Selain perjuangan dari bapak Ki Hajar Dewantara di bidang pendidikan, pemerintah kita pun turut andil dalam memajukan pendidikan, antara lain membuat Pasal 31 Ayat (1) sampai Ayat (5) dalam Bab XIII Pendidikan dan Kebudayaan pada UUD 1945. Isi dari Pasal 31 Ayat (1) sampai Ayat (5) adalah :
(1) Setiap warga negara berhak mendapat pendidikan.
(2) Setiap warga negara wajib mengikuti pendidikan dasar dan pemerintah wajib membiayainya.

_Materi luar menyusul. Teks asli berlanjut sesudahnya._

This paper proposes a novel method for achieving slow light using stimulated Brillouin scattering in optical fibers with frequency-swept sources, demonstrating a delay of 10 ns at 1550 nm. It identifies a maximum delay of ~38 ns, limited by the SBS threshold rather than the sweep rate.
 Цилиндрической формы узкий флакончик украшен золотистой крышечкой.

(3) Pemerintah mengusahakan dan menyelenggarakan satu sistem pendidikan nasional, yang meningkatkan keimanan dan ketakwaan serta ahlak mulia dalam rangka mencerdaskan kehidupan bangsa, yang diatur dengan undang-undang.

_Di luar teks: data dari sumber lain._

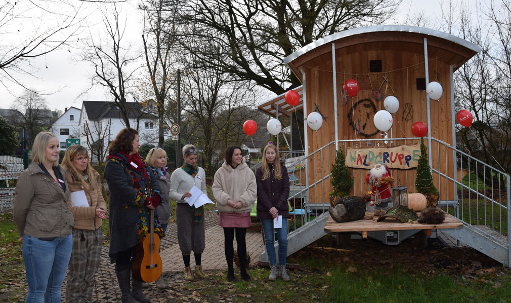 Die neue Waldgruppe der als Kneipp-Kindergarten zertifizierten Johanniter-Kita Grötzenberg aus Nümbrecht wurde bei einem „Tag der offenen Tür“ eingeweiht. In ihr werden bis zu 20 Kinder im Alter ab drei Jahren betreut. Verantwortlich für die Waldgruppe sind die Erzieherinnen Claudia Mittler und Bärbel Opel. „Die Kinder lernen in der Natur mit allen Sinnen und werden dabei ganzheitlich auf die Schule vorbereitet“, so Kita-Leiterin Sigrid Hausmann. Einige Kinder sind bereits vom Haus in die neue Waldgruppe umgezogen.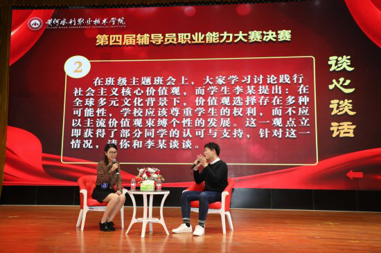 决赛中,在谈心谈话环节,选手们用幽默的话语打开学生的心扉,用认真的态度解决学生遇到的问题。在主题演讲环节,有的选手激情澎湃、有的选手娓娓道来、有的选手誓言铮铮、有的选手深情表述,他们出色的表现赢得了阵阵掌声。最后辅导员代表更是以一首诗朗诵《我们是光荣的辅导员》向大家展示了我校辅导员队伍昂扬向上的精神风貌。

(4) Negara memprioritaskan anggaran pendidikan sekurang-kurangnya dua puluh persen dari anggaran pendapatan dan belanja negara serta dari anggaran pendapatan dan belanja daerah untuk memenuhi kebutuhan penyelenggaraan pendidikan nasional.
(5) Pemerintah memajukan ilmu pengetahuan dan teknologi dengan menunjang tinggi nilai-nilai agama dan persatuan bangsa untuk kemajuan peradaban serta kesejahteraan umat manusia.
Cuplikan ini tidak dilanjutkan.